# Bought a K-Line 21



## CDNJ (Jun 20, 2015)

Finally bought myself a 21 K-line have a few 18...My first 21
Perfect for my excursion train.


----------



## gunrunnerjohn (Nov 10, 2010)

Nice cars, you need expansive curves to run them and have them look right.


----------



## cchancey (Aug 27, 2015)

Beautiful passenger car. I wish I could find that whole set. I truly miss K-Line. They produced the best passenger cars and at a reasonable price too.


----------



## Guest (Oct 14, 2015)

You have now crossed into a dangerous territory. The old commercial about potato chips and you just can't have one applies here. 
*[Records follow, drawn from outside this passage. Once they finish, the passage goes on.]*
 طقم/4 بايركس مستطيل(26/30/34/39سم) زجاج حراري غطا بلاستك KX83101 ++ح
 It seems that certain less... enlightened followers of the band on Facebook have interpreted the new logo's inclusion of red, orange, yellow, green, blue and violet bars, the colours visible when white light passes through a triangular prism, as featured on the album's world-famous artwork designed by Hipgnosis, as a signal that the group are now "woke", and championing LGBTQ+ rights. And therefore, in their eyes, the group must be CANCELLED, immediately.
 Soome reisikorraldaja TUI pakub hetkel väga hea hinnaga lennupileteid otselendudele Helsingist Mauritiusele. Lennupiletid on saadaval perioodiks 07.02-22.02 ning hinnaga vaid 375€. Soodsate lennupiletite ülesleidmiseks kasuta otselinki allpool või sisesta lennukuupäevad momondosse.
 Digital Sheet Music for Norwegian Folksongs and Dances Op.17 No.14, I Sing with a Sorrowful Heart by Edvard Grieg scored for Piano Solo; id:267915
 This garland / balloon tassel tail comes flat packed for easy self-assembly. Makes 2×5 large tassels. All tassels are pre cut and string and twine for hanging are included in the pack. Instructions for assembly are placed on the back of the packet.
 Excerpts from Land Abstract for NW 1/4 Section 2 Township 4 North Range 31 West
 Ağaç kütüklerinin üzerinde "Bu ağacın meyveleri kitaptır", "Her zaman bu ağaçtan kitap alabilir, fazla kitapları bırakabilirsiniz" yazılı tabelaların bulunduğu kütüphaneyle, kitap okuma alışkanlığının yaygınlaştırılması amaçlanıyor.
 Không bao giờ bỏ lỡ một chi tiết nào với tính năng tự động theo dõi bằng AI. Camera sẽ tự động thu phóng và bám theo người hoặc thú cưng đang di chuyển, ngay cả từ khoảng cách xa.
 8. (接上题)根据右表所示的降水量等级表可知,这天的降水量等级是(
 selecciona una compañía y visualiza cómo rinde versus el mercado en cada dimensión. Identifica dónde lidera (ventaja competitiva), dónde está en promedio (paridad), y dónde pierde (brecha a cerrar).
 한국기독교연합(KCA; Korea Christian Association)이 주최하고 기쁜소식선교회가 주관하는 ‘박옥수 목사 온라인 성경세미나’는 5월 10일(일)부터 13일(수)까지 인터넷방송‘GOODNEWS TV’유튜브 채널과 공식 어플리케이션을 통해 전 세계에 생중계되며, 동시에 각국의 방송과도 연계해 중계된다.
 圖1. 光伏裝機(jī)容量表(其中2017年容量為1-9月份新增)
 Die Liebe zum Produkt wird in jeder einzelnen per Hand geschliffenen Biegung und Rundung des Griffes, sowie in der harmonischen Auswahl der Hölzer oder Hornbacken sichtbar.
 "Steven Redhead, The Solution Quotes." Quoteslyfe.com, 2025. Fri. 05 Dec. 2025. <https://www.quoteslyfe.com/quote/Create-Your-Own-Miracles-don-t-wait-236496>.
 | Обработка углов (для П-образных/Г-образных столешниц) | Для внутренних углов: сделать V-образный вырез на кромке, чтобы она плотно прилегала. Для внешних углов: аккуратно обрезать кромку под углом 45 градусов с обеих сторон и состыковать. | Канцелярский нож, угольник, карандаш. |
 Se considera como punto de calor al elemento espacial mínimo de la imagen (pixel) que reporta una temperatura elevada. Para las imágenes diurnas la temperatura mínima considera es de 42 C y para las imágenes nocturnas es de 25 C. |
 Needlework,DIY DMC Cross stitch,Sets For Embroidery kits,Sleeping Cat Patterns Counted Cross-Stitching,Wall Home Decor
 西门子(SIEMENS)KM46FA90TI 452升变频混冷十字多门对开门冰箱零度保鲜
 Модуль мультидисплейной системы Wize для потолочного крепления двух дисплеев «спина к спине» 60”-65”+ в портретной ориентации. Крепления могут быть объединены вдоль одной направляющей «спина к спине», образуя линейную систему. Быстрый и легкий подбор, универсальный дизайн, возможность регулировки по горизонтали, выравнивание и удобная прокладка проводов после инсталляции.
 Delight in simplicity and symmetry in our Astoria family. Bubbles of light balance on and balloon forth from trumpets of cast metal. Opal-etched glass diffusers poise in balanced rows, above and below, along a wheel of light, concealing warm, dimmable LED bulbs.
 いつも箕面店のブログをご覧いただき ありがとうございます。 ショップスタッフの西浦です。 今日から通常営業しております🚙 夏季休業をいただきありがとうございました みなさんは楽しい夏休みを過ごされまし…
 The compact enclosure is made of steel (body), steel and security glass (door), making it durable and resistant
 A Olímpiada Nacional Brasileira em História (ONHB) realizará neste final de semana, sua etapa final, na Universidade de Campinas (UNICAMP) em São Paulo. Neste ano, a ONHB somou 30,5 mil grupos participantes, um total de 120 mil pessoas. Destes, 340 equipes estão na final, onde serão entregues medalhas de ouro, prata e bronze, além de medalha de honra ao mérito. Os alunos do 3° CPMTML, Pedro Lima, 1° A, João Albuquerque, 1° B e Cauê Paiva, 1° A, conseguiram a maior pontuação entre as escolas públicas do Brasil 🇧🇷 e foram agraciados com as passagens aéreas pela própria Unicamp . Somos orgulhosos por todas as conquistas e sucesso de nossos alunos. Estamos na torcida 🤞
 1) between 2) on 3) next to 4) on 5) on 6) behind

K-Line was so far ahead of it's time with it's passenger cars line. That is why they sell so well on the secondary market today. The Congressional is a beautiful set.

You have excellent taste.


----------



## CDNJ (Jun 20, 2015)

Grj- Thanks

Cchancey-I agree K-line is a very nice product

PTC- I saw you posting all the K-line passenger sets. Couldn't let you have all the fun
I do now love the K-Line passenger cars.


----------



## EHRMC2016 (Mar 18, 2016)

now that's nice....


----------



## VegasN (Mar 14, 2016)

Beautiful


----------